If that wasn’t enough to have you already sobbing into your beer, the father takes his son out for a spin in the new car he’s given him on his fifteenth birthday, and the son is still having the best day of his life, and he’s a bloody teenager!!

The third and final verse takes place on the son's wedding day. As they stand in the church, waiting for the bride-to-be, the son turns to his dad to tell him how much he’s learned from watching his father and mother, before claiming one last time that this is actually the best day of his life.

If you’re not a blubbering mess after listening to this song, then we don’t know why you’re even listening to country music.

6
MCA Records | 1996

I Can Still Make Cheyenne

This single from his 1996 Blue Clear Sky album tells the story of a rodeo cowboy torn between the two passions in his life, calling home to apologise to his lover for always being away and prioritising the rodeo life over his love life. When he assures her that he is coming home, she tells him she’s met someone else who isn’t a rodeo cowboy and she’s thinking of leaving.

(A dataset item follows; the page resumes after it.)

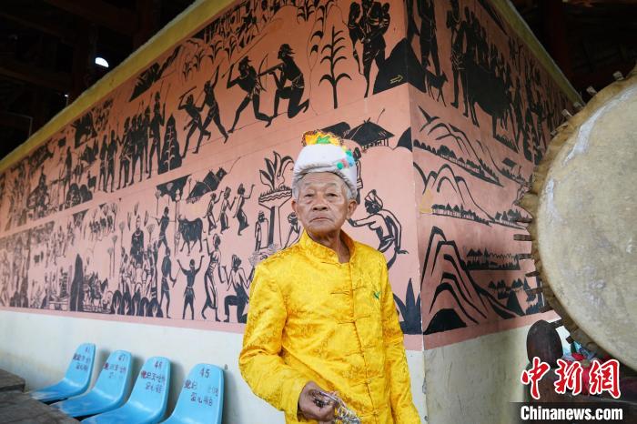 9月15日,苏国文站在由其策划绘制的布朗族历史墙壁绘画前。 中新社记者刘冉阳摄
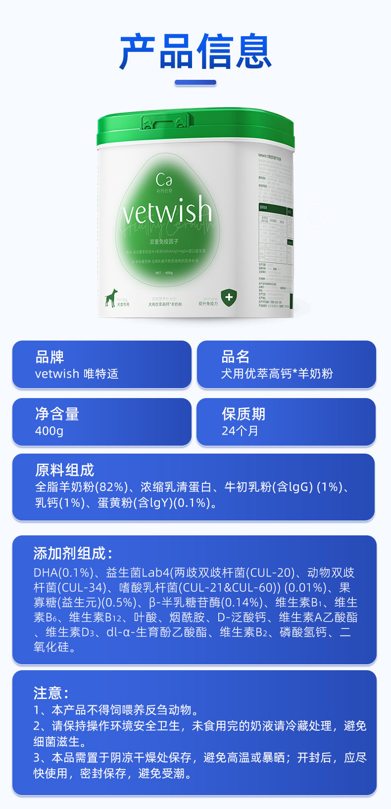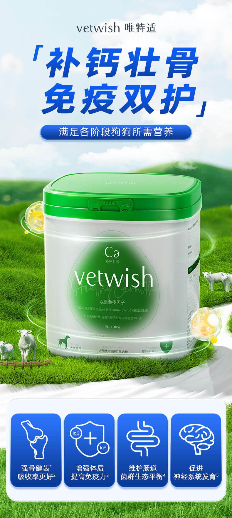 Vetwish Dog-Specific High-Calcium Goat Milk Powder, Dog Goat Milk Powder, Dog Milk Powder, Calcium Supplement, Strengthens Bones, Improves Immunity

Given the ultimatum between saving his relationship and the rodeo, the cowboy decides to go on to Cheyenne to take part in one of the most prestigious rodeos in America.

Probably for the best she met someone else, to be honest.

5
MCA Records Nashville | 1998

I Just Want To Dance With You

John Prine and Roger Cook gave George his 42nd no.1 single in 1998, although Prine had recorded a version of it 12 years earlier for his own German Afternoons album. George was in a particularly playful mood here; whistling along with the guitars and twirling his dance partner around the dancefloor in this laid-back country shuffle.

4
MCA Nashville | 2011

I Cross My Heart

Taken from the Pure Country soundtrack, ‘I Cross My Heart’ is George at his most incurably romantic, delivering lines like “You will always be the miracle that makes my life complete, and as long as there's a breath in me I'll make yours just as sweet” with a profoundly endearing charm on this heartfelt ballad.

3
MCA Records Nashville | 1987

All My Exes Live in Texas

The second single from the Ocean Front Property album finds George listing off his ex-lovers – Rosanna, Elieen, Allison and even Dimples – who all reside in various places throughout the state of Texas. He longs to live there too but resigns himself to having to stay in Tennessee, just to avoid them all. Somewhat surprisingly, Drake name checks the song in his single ‘HYFR’.

2
MCA Records | 1985

The Chair

There are some songs that you could never imagine anyone but George Strait singing, and ‘The Chair’ is one of them. His smooth delivery slips in to tell his one-sided account of a Friday night in a bar, where he walks up to a woman with the famous opening line, “Well, excuse me, but I think you've got my chair”, stumbling over his words as he offers to buy her a drink.

They sit down and, after a night spent talking and possibly dancing, he ends up driving her home. Written by Hank Cochran and Dean Dillon at the end of a particularly long night, it came to them when they were “about written out", as Dillon later described it, after he strummed his guitar and sang the opening line. 20 minutes later, ‘The Chair’ was complete.

The song is included in our Holler playlist of The Best Country Songs About Furniture.

1
MCA Records | 1982

Amarillo By Morning

Written way back in 1973 by Terry Stafford and Paul Fraser, versions of this song had already been released by Stafford and by real-life rodeo champion Chris LeDoux by the time George got his hands on it.

Sung from the point of view of rodeo cowboy, this time driving through the night to a county fair in Amarillo, Texas, it recounts the difficulties that have befallen him throughout his life - broken bones, wives and girlfriends he’s lost, and ultimately poverty – but concludes that he wouldn’t have it any other way.

Despite being regularly included on lists of the best country songs of all time, it’s one of the few singles released that didn’t make it to no.1; stalling at no.4 upon its release.